My top book of 2020 already - the most conniving and amorally wonderful narrator you'll ever come across.

This is now riding high in my 'what are your favourite ever YA books?' should anyone ask me. I can't recall just how I heard of it, probably on a 'what to read next' website, but boy am I glad I got myself a copy.

Young Adult fiction really does offer readers a wealth of characters, settings, genres and styles. It's one of the most exciting ages to be to discover fiction, with so many intelligent and innovative plots and protagonists you'll see in books. And THIS is, from the first, an exciting, wry and whip-smart glance at a high school. Schools done to death, you say? You won't say that after reading Enter Title Here.

Blackly funny, it's meta, it's ironic, it's self-referential - it's a unique narrative and gives us the most unforgettably zealous, self-centred and detached student you'll ever see on the page. Reshma is going to get to Stanford. Let's rephrase, she IS going to get to Stanford. Whatever it takes. And that, at her already-high-achieving school, means she needs to be class valedictorian. And to make her stand out - she needs a literary agent and a book.

Trawling through fiction for her age group, she determines the factors most likely to net her a book deal - she'll need to write a coming of age story about a girl who learns how to party, how to be cool, someone who gets a boyfriend and has sex.
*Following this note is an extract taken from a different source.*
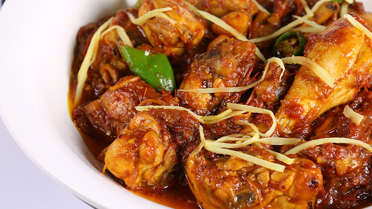 In a pan heat oil and chicken fry for 15 minutes then remove and keep a side. Now onion adds and fry 5 minutes. Then ginger and garlic fry 1 minute. After this tomato, crushed red chili, turmeric and salt mix and fry 1 minute and cook on low heat for 10 minutes. Then green chili and ginger fry for a minute and mix in chicken then serve it.

So she sets herself a timeline of how to go about achieving these things, to then write about them.

Intensely funny, I couldn't stop myself reading 'just one more' chapter constantly. I loved the fact that Reshma is Asian, that we see those stereotypes played with in herself and her parents and their family's experiences. There are some secondary characters that make their mark as well, some that appear to be archetypes from every teen movie you've ever seen, but actually do have a little depth to them and don't act as you'd expect. There's even a male version of a (not so) manic dream pixie potential love interest.

Reshma's 'journey' is both expected and gives some surprises: will she get into Stanford? Will she write that book? The side effects of high achieving, of taking performance enhancing drugs, of throwing the feelings of others under the bus, of cheating, of soulless drilling and learning by rote, they all feature thematically.

I didn't hate Reshma at all, I found her lack of sympathy for fellow humans amusing in the context of the book, as we are meant to. She is a remarkable literary creation, and I'd love to see her resurrected further along her timeline, see where life takes her.

This would be an excellent basis for discussions with older teenagers (mild sexual content, nothing graphic, but the themes will resonate more with those close to Reshma's own age).

Please please please read this. Adult or teen, you won't forget this book or protagonist.